一方のローランは右手を握ったり開いたりして感触を確かめていた。今はもう力が流れ込んでくるような感覚もない。しかし意識すれば確かにセフィラとの繋がりを感じられた。
「これをあげるわ」
セフィラは手元で植物を成長させた。すると種でしかなかったそれは、あっという間に木の苗となる。恐る恐る受け取ったローランは当然の権利として尋ねた。
「これは?」
「セフィロトの苗。私の加護を受けている木だよ。広いところに植えれば勝手に育つから、枝を切り落として女神像を作って」
「枝で像を? それは難しいのではないか?」
「大丈夫だよ。かなり大きな木になるから」
「なるほど。必ず、広い場所を確保すると約束しよう。女神像の件もな。つまりはそれに祈ればあなたに魔力が届き、それを大地に分け与えてくれるということだろう?」
彼の理解は正しい。
だからセフィラも頷いた。
「ならば、色々とやることができた。女神の助力を頂けるのだ。正しく利用しなければな」
「どうするの? 聞かせて」
「ふむ。まずはあなたの言った通り、女神像を作るところから始めなければな。そしてそれを普及させ、枯れた大地を取り戻す。後はこれを神の奇跡ではなく、王家の力の一部として広める準備も必要だ」
「どうして?」
「神と王が同時に存在すれば碌なことにならない。それはプラハ王国の歴史が証明している。女神と我がパルティア王家が表裏一体であることを示せば、政治的に安定するという理由もあるがな。我が王家なしには国が立ち行かぬようにしてみせるさ」
それは権力欲しさではなく、国の安定を考えての行動だ。
もしも魔神や魔族、そしてまだ知らぬ世界の脅威が敵となるならば、国内で分裂している場合ではない。確固たる絶対の王家とその力が必要なのだ。

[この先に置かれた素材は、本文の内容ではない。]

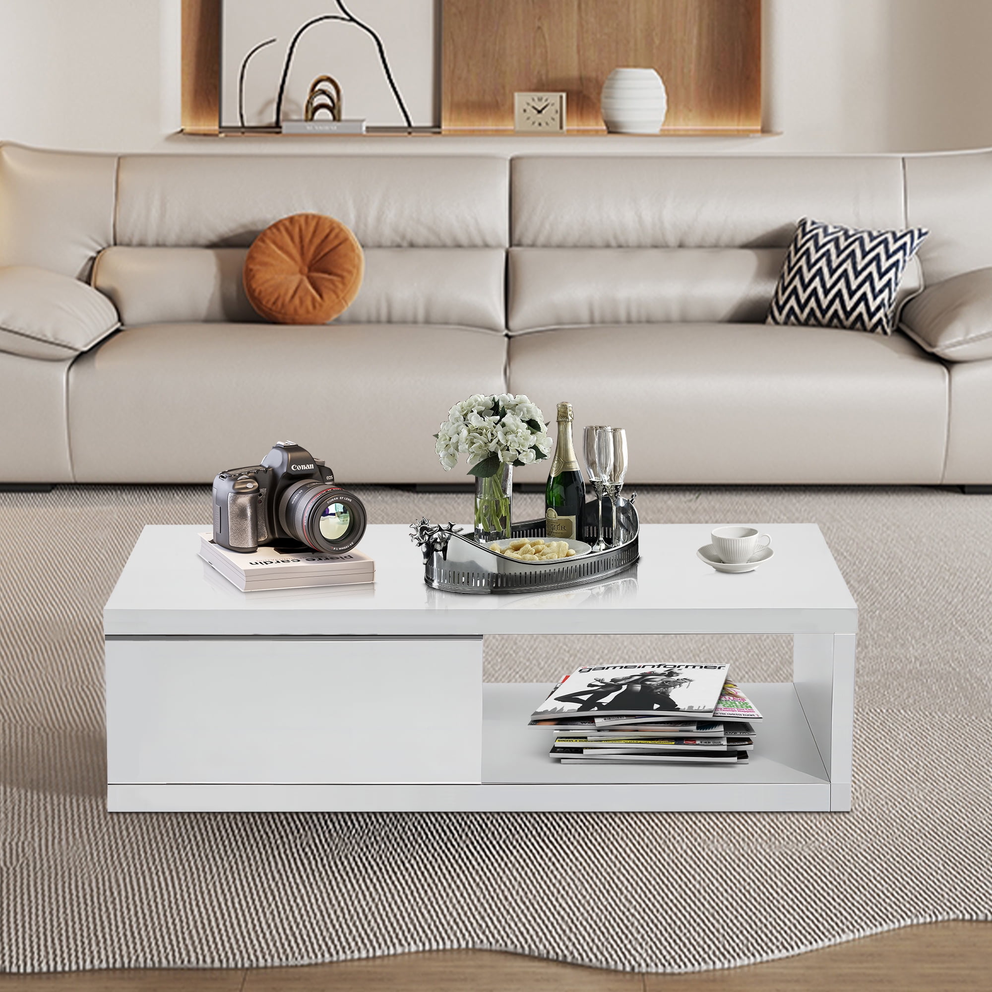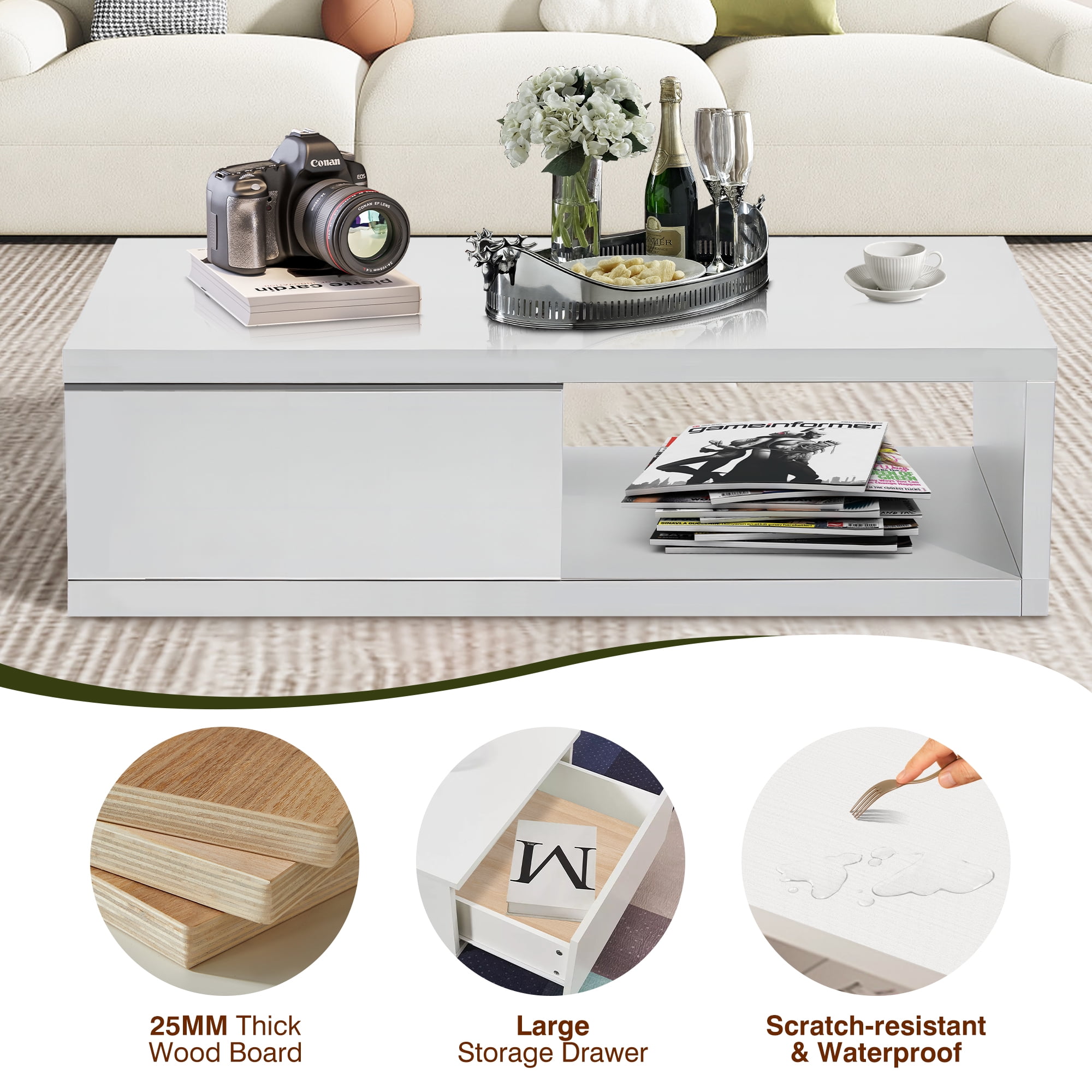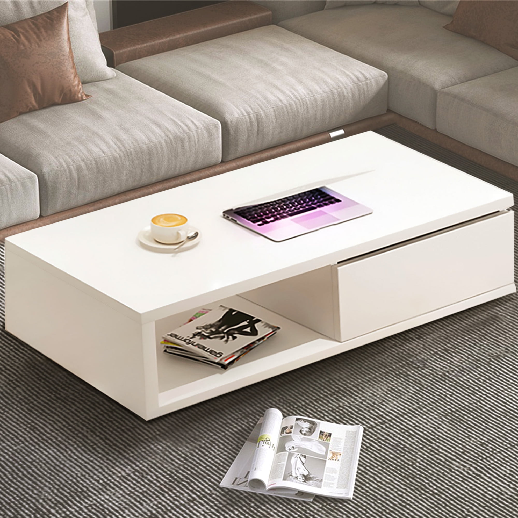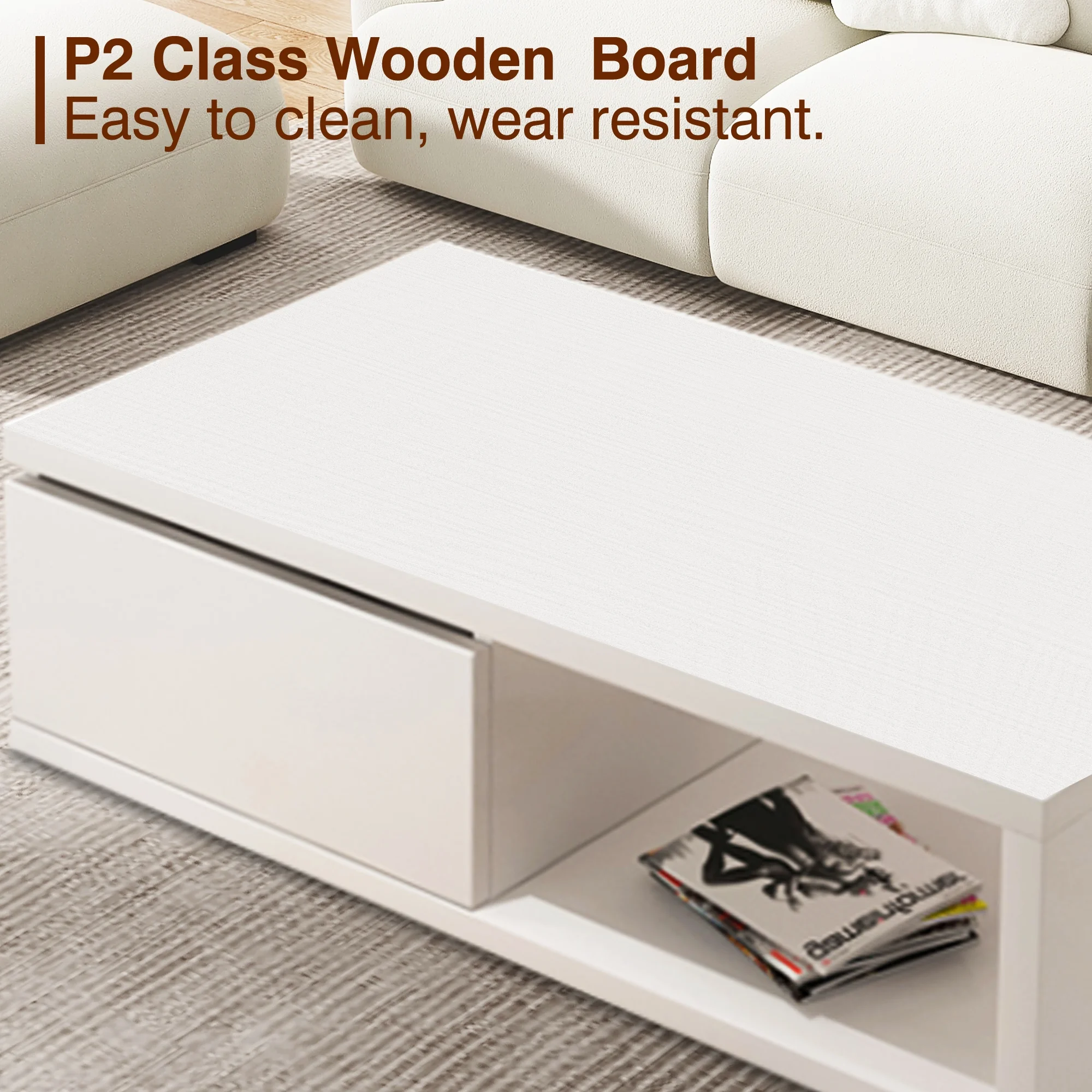 One warm and elegant style coffee table Handcrafted meticulously with wood for long lasting durability Open design cube shape gives a striking and modern appeal Offers a spacious tabletop for serving snacks and beverages Enriched with aesthetically pleasing wood grain and knot details One bottom shelf for placing decorations hand curated collections or books Easy pull-out mechanism to take the item in or out effortlessly. And the drawer provide ample space to keep smaller items organized and within reach. White matte finish radiates a farmhouse appeal Solid Construction: Designed to support up to 300 lbs, this coffee table features durable materials and robust table legs for long-lasting reliability. Easy Assembly: Pre-installed rails in the drawers make assembly quick and easy. Plus, the clear instruction manual included in the package ensures a hassle-free setup process. Color: White

「神職や神殿のような余計なものはいらない。王家こそが女神の窓口だ。人々の拠り所を王へと集中させなければならない」
「酷い重役ね」
「言ったはずだ。覚悟はある」
「いいね。強い人間は好ましいってお父様も言ってた」
「……人間は弱いのではなかったのか?」
「昔はお父様に手が届く人間もいたらしいよ。それに強さも色々あるから」
セフィラは浮遊してローランの頭上を跳び越え、そのまま彼が乗ってきた馬に腰かけた。
「早く行こう。ちゃんとしてよね。相応しくないと思ったら契約は切るから」
「はは……気が抜けないな」
「覚悟はあるんでしょ?」
「当然だ。二言はない」
ローランはそう言いながら
そして唖然とする補佐官へと命じた。
「お前も戻るのだ。プリマヴェーラは王の補佐官なのだろう?」
「……なるほど。その器、確かに王ですな」
「私を誰と心得る。ローラン=カイル・スレイン・パルティアだ」
勇気と信念を持つ人の王は女神と契約を交わした。
それは歴史に伝説の一幕を刻むこと間違いない。力もない人間が、その心によって女神を口説き落としたのだから。
この歴史的瞬間に居合わせた魔術師の一人は、後年になってその鮮烈な記憶を歴史書に記す。多少美化され脚色も混じっていたが、ほぼ事実のまま、ローランは伝説の王として語り継がれることになるのだ。